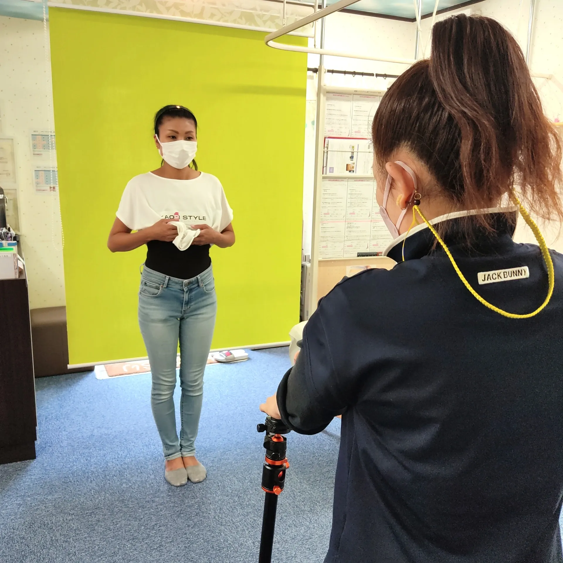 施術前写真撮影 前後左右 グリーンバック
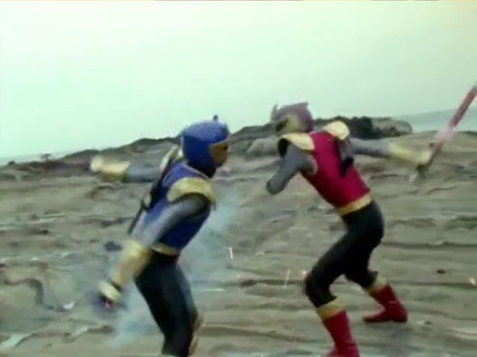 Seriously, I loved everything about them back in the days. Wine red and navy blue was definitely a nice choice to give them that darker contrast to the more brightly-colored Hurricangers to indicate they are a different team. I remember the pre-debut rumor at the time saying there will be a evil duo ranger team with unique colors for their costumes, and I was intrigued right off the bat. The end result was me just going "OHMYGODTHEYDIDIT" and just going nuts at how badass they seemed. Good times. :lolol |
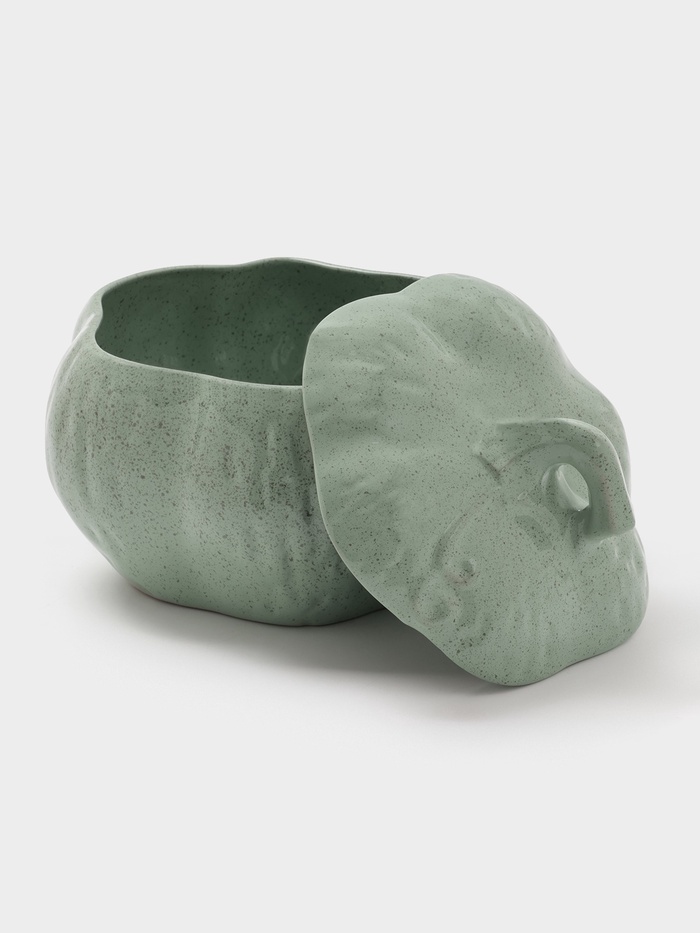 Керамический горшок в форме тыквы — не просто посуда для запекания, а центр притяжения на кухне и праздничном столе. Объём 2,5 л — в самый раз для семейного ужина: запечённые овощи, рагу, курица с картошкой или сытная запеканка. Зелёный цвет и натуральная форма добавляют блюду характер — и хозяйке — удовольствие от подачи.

# Exercise
Beginning with the line where "Seriously, I loved" appears, restate word for word every line down to the last one in the data, but keep the pictures out.

# Your solution
 Seriously, I loved everything about them back in the days. Wine red and navy blue was definitely a nice choice to give them that darker contrast to the more brightly-colored Hurricangers to indicate they are a different team. I remember the pre-debut rumor at the time saying there will be a evil duo ranger team with unique colors for their costumes, and I was intrigued right off the bat. The end result was me just going "OHMYGODTHEYDIDIT" and just going nuts at how badass they seemed. Good times. :lolol |
 Керамический горшок в форме тыквы — не просто посуда для запекания, а центр притяжения на кухне и праздничном столе. Объём 2,5 л — в самый раз для семейного ужина: запечённые овощи, рагу, курица с картошкой или сытная запеканка. Зелёный цвет и натуральная форма добавляют блюду характер — и хозяйке — удовольствие от подачи.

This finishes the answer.